First, set up the proper Kubernetes context to your dataplane cluster, you can go to instance details page and see commands in K8s Config tab.

After context is properly setup, then run to access operational bastion:

kubectl -n dataplane-agent exec -it $(kubectl -n dataplane-agent get pods | grep dp-agent | awk '{print $1}' | head -1) -- /bin/bash

To enable debug mode for instance deployment:

omnistrate-ctl instance enable-debug-mode <instance-id> --resource-name <resource-name>

Once debug mode is enabled, retrieve the current deployment artifacts:

omnistrate-ctl instance get-deployment <instance-id> --resource-name <resource-name> --output-path <path to workspace to save deployment artifacts>

Navigate to your workspace directory to review and modify the artifacts as needed.

Apply your modifications to the deployment:

omnistrate-ctl instance patch-deployment <instance-id> --resource-name <resource-name> --deployment-action apply --patch-files <path to workspace to save deployment artifacts>

When satisfied with your changes, resume the deployment workflow:

omnistrate-ctl instance continue-deployment <instance-id> --resource-name <resource-name> --deployment-action apply

The system will then continue with the deployment process, progressing through any remaining deployment steps.

Warning

Debug mode restricts instance operations to only delete and upgrade functions. After resuming deployment, you'll need to properly correct the Plan specification and upgrade your instance, then manually disable debug mode to restore all instance operations.

Next, fix the Plan spec and publish a new version. Then upgrade your instance to this updated version. After verifying that everything is functioning properly, disable debug mode to resume normal operations.

omnistrate-ctl instance disable-debug-mode <instance-id> --resource-name <resource-name>

Debug Mode Example Scenarios¶

Taking terraform as an example, you may encounter a typo in your terraform deployment scripts causing the deployment to stall. By following the steps above, you can quickly fix these scripts without needing to restart the entire deployment process.

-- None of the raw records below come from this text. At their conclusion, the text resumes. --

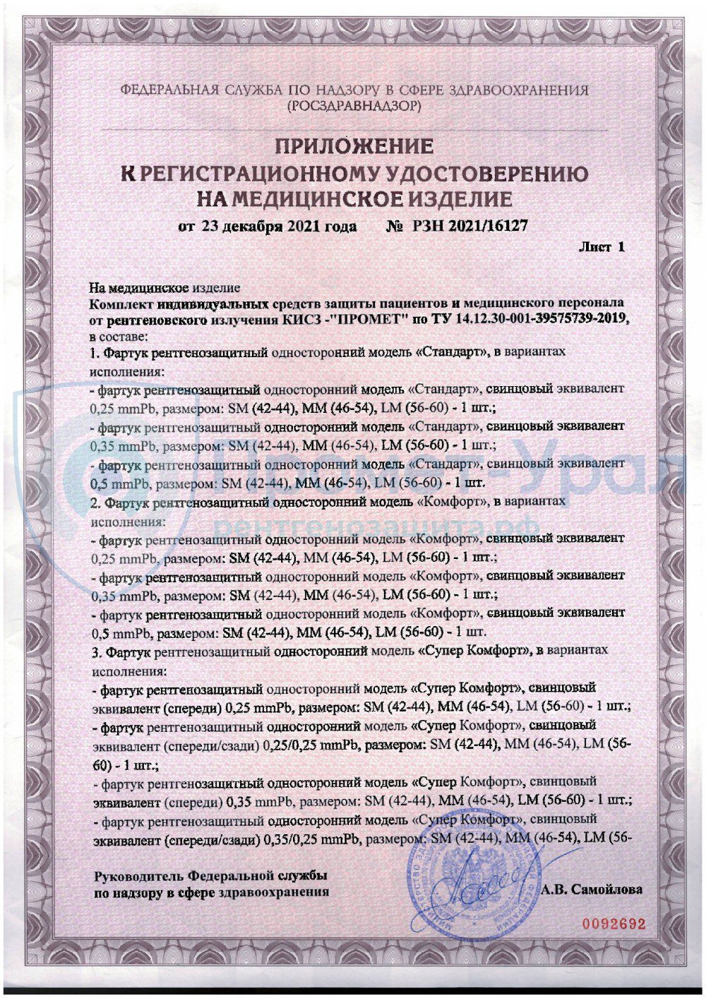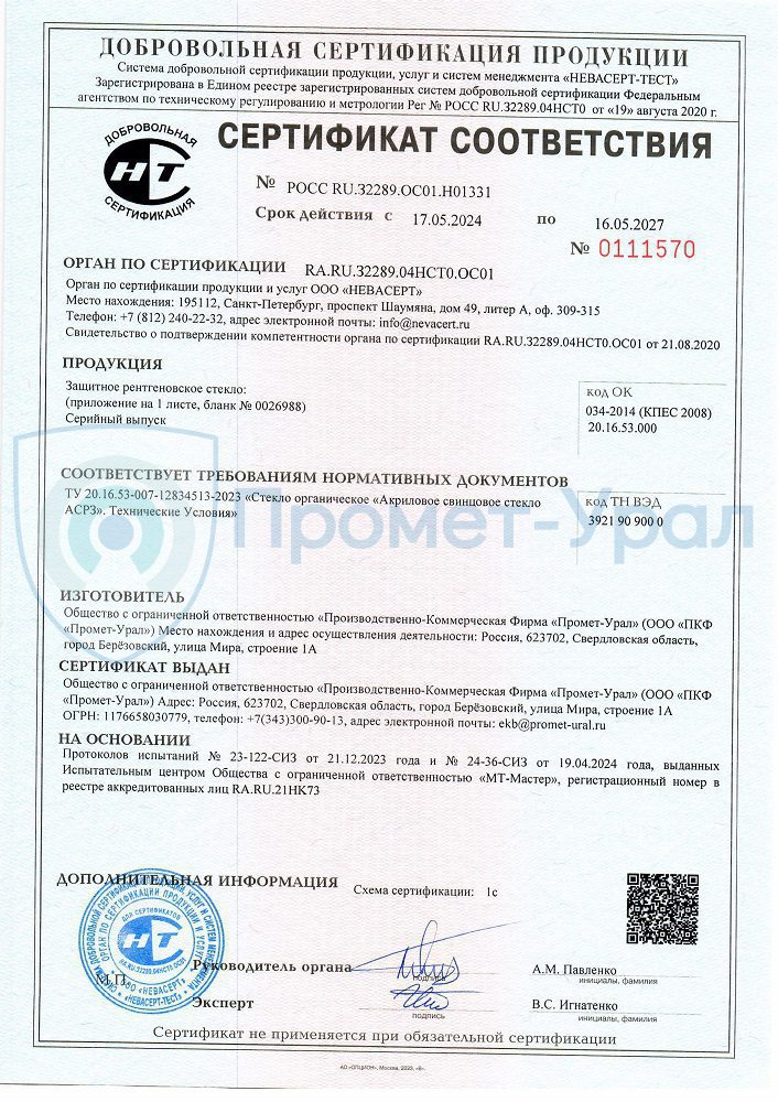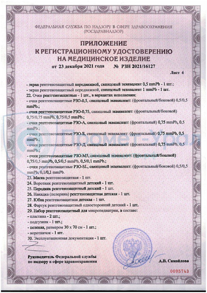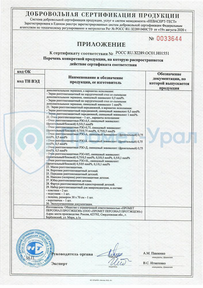 Производство рентгенозащитных изделий Промет-Урал лицензировано. Вся выпускаем рентгенозащитная продукция имеет сертификат соответствия.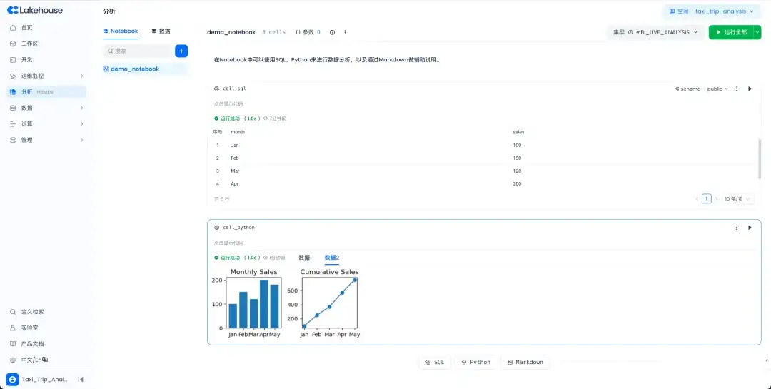 - Notebook模块,交互式分析的“全能工作台”:重磅发布数据分析Notebook功能,为数据科学家和分析师提供Python、SQL等多语言交互式分析环境,支持灵活的数据探索与高效洞察,重塑数据分析工作流。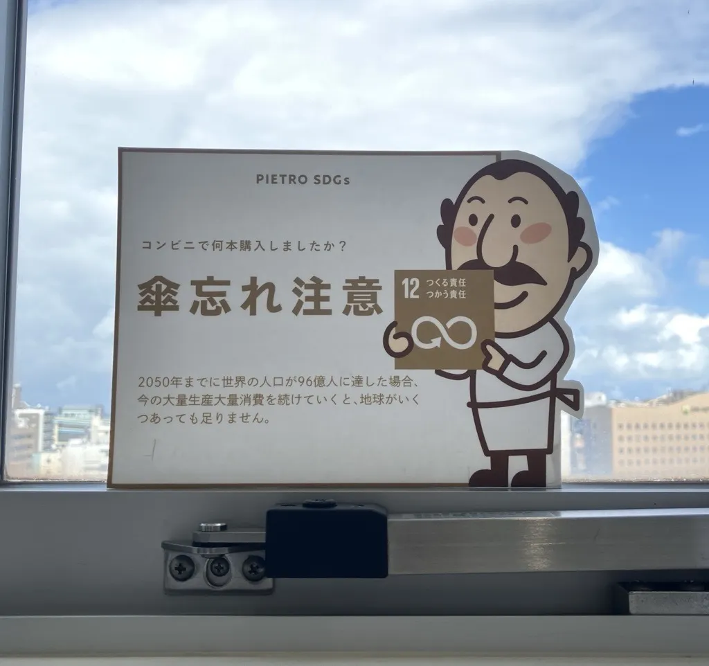 ピエトロおじさんに見守られながら、私たち社員はSDGsを達成する行動に取り組んでいます!!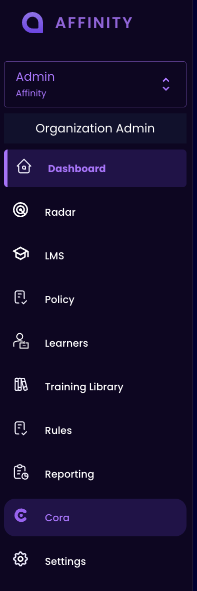 * Enable Cora in the Affinity app: This will allow learners to ask Cora questions from their Learner dashboard in the Affinity app.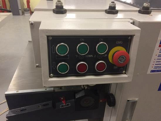 ![]() | Пульт управления На пульте расположены кнопки включения/выключения верхнего и нижнего ножевого вала, подъема/опускания стола и кнопка аварийного останова. Кроме MB 204FW. |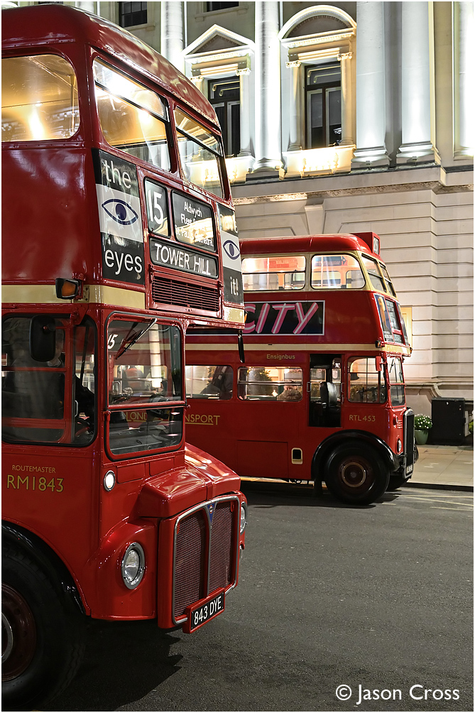 RM1843 and RTL453 side by side in Waterloo Place in Westminster, London. Timeline Events photo shoot. Date: 29 January 2023 Manipulation Notes: None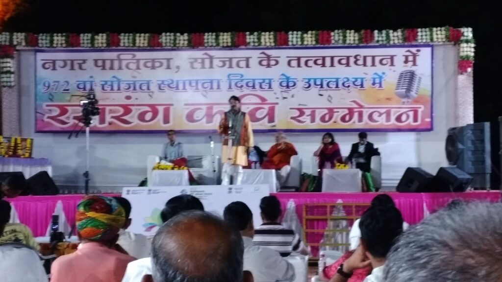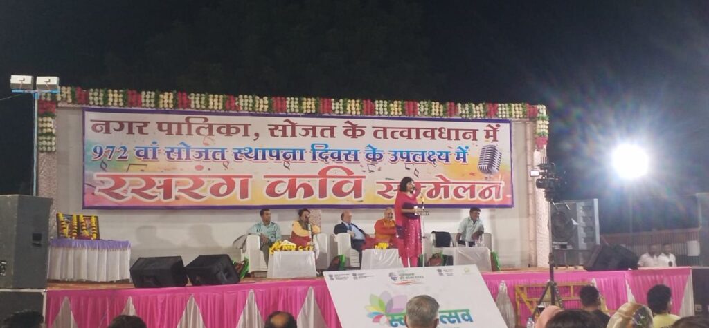 सोजत। नगर की 972वीं स्थापना वर्षगांठ पर नगर पालिका द्वारा आयोजित सोजत महोत्सव के अंतर्गत बुधवार देर रात रामेराव तालाब परिसर में रसरंग कवि सम्मेलन आयोजित हुआ। देशभर से आए नामचीन कवियों ने देशभक्ति, हास्य, ओज और श्रृंगार रस की रचनाओं से श्रोताओं को देर रात तक बांधे रखा।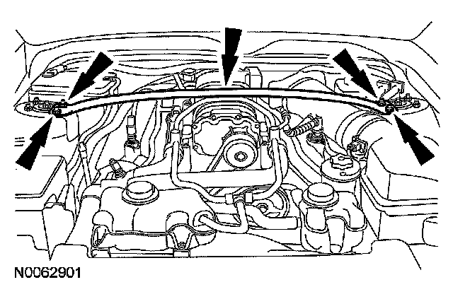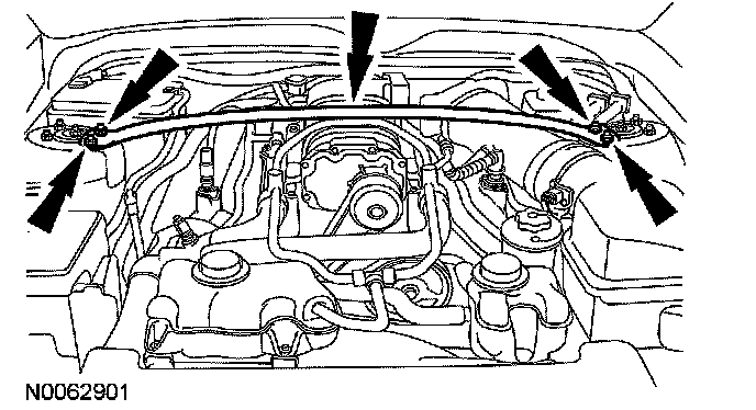 21. Disconnect the 2 upper radiator hoses and the 2 coolant vent hoses from the intake manifold.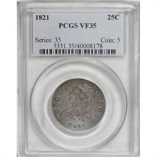 <B>1821 25C VF35 PCGS.</B></I> B-3, R.2. Breen Die State II. The die crack between star 12 and the portrait is heavy. Slate-gray and almond-gold with gunmetal-blue highpoints. A pleasing, problem-free example.<BR><BR><b>Shipping:</b> Coins & Currency (<a target="_blank" href="http://www.heritageauctions.com/common/shipping.php">view shipping information</a>)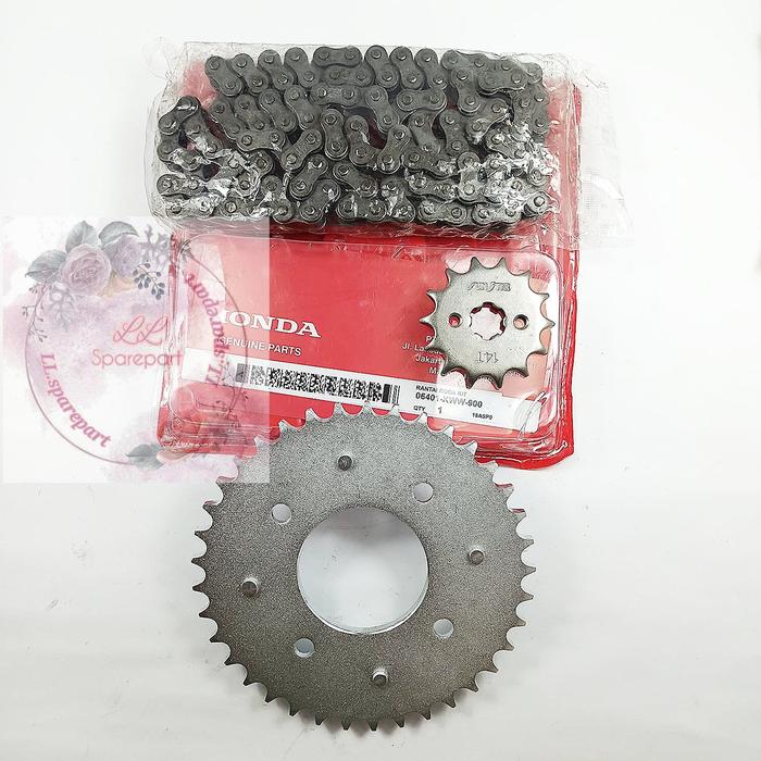 GEAR SET PLUS RANTAI DRIVE CHAIN KIT HONDA KWW / KWB KUALITAS ASLI ORIGINAL PRESISI PAS TIDAK BUNYI BAHAN TEBAL DAN AWET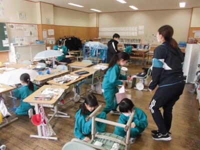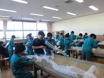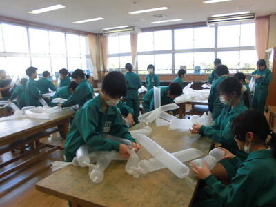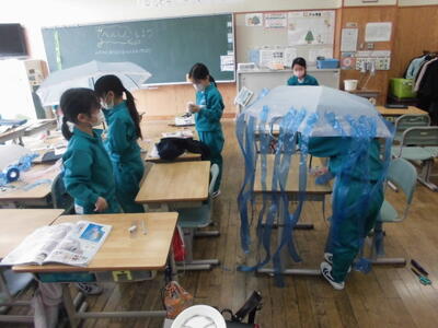 5年1組は図工。かさの袋(ビニール)を用いて表現します。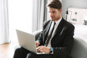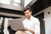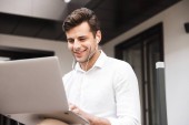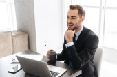 Zdjęcie zadowolonego biznesmena za pomocą laptopa i rozmowy o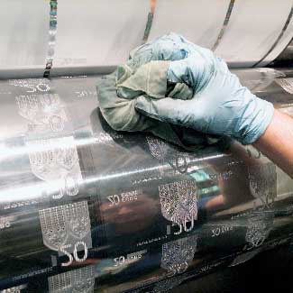 Impression des rouleaux et insertion des éléments de sécurité :

Once you've fixed your terraform artifacts locally and patched your changes, the Omnistrate platform applies the patch immediately without unnecessary retries. You can monitor terraform execution logs at /tmp/tf-<resource-id>-<instance-id>-log-output/resource-name>

You can continue to iterate and refine your terraform scripts in debug mode while maintaining the ongoing deployment. After resolving all issues and confirming your changes work as expected, simply continue to complete the deployment.

Warning

Don't forget to fix your main Plan spec and release a new version of it once you have proper artifacts been fixed. You will need to upgrade your instance to the correct version before you safely disable debug mode.